On 28 July 1945, 20-year-old Betty Lou Oliver plunged 75 storeys (around 300 m or 1,000 ft) in an elevator down New York City’s Empire State Building, after an American B-25 bomber plane crashed into it. Betty’s descent down what was then the world’s tallest building ended in the basement, where she had to be cut out of the mangled elevator.
Miraculously, Betty didn’t die, although she did suffer a broken neck, back, and pelvis.
The catastrophe was caused by 27-year-old Lieutenant Colonel William F. Smith, a decorated fighter pilot who had served in the war in Europe, which had been over for almost three months. He was carrying out a basic mission, transporting army personnel from Massachusetts to Newark Metropolitan Airport in New Jersey, but once he got to New York he made a fatal error. The city was swept with thick fog, and rather than turning left after the Chrysler Building, Smith mistakenly turned right, bringing him directly over midtown Manhattan.

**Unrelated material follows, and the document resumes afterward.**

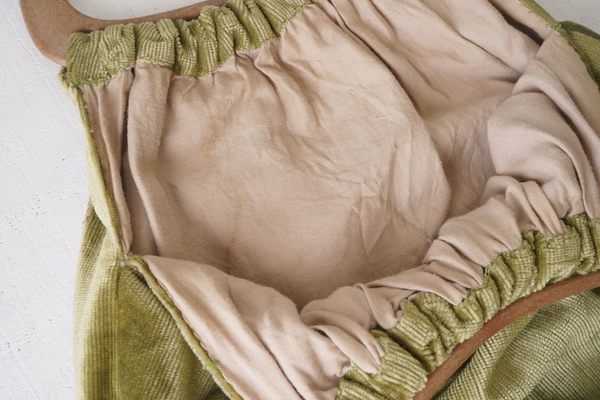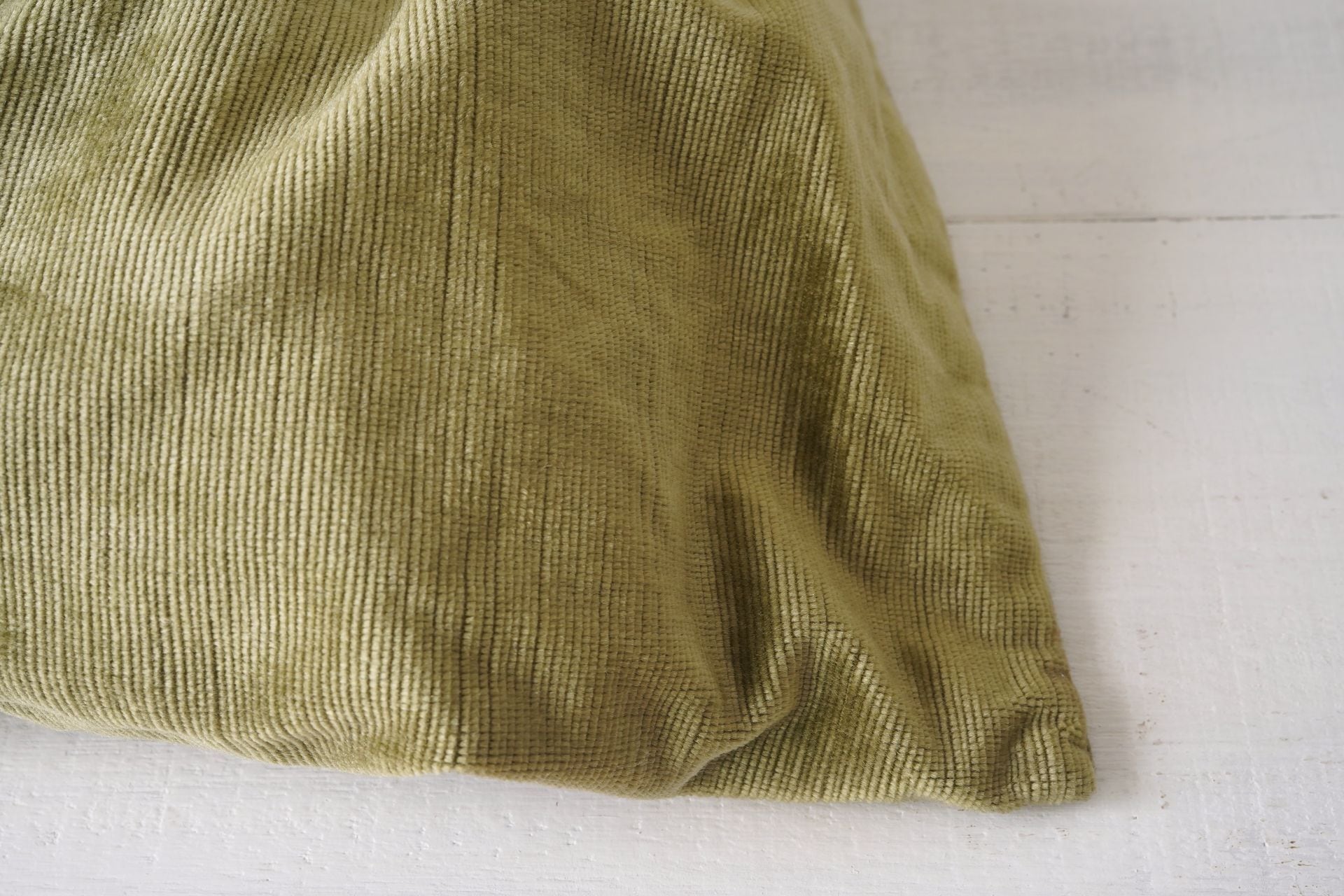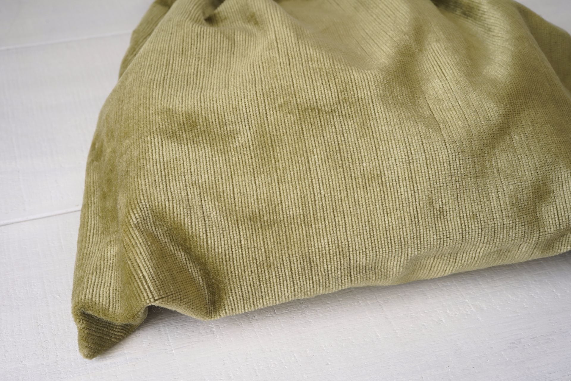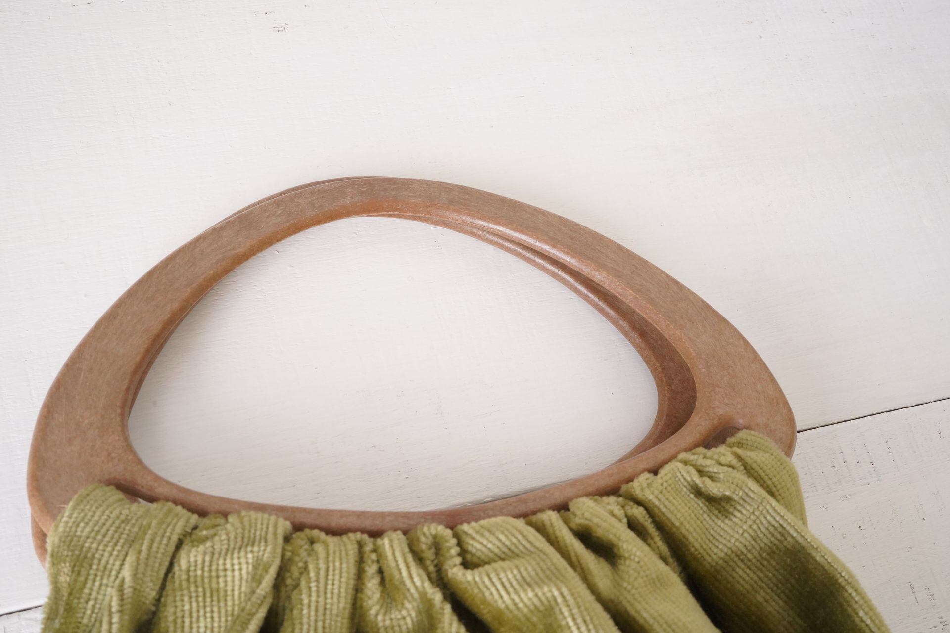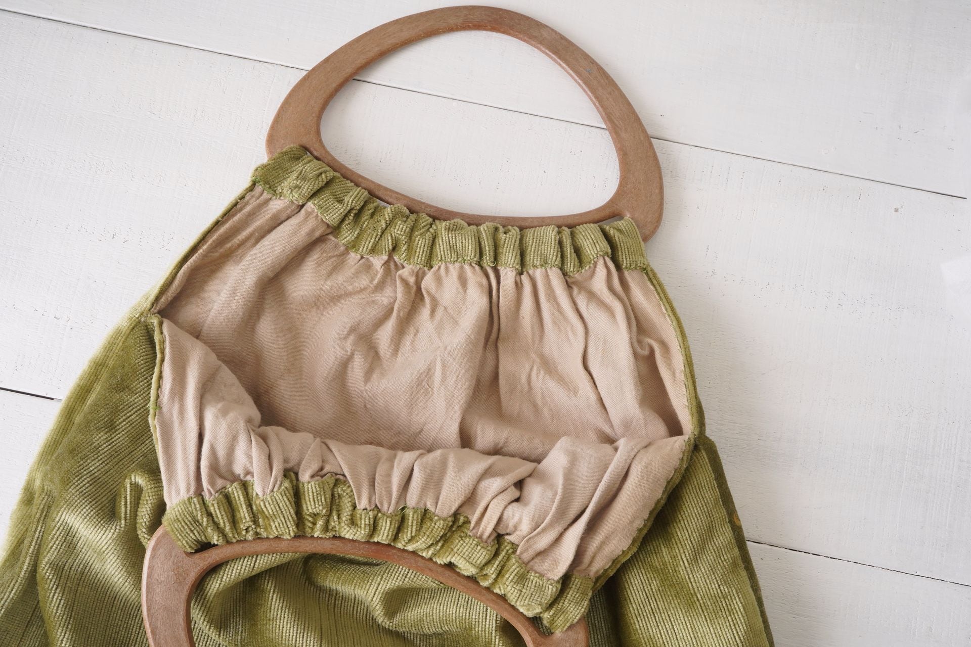 光沢感のあるコーデュロイ生地に素朴な木の持ち手。
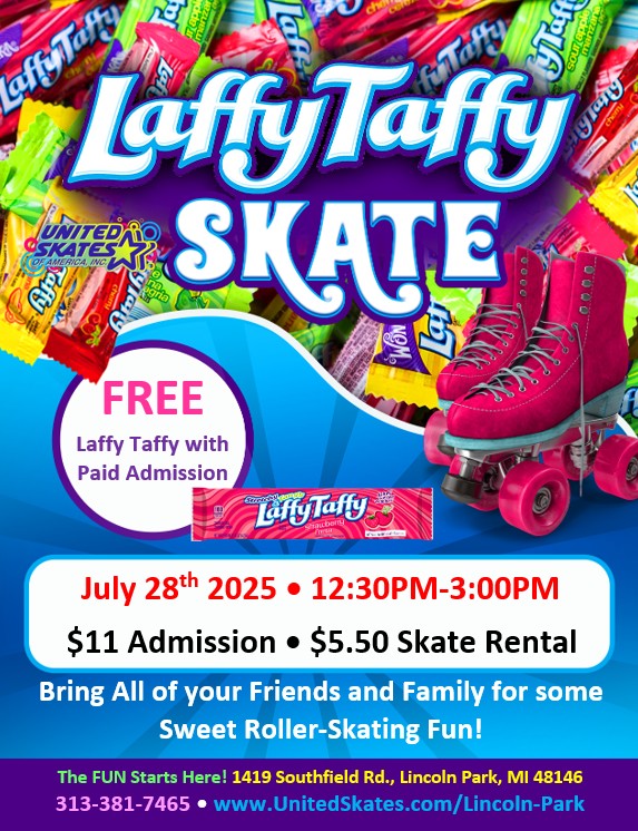 July 28th 2025 It's a LAFF! With Laffy Taffy! $11 Admission $5.50 Skate rental pop top 40 Free laffy taffy with paid admission Nothing is as sweet as this deal!

George A. Mount, a manager at the elevator company who inspected the site afterwards, said the elevator shaft’s concrete floor was “crushed like an eggshell”. All six cables to which the cab was attached were snapped, and the automatic braking cable was also destroyed, meaning it fell without any braking system at all.
What likely saved Betty’s life was the elevator being slowed down by air pressure within the relatively airtight shaft, in addition to the impact at the bottom being cushioned by severed cables piling up in a spring-like spiral on the floor.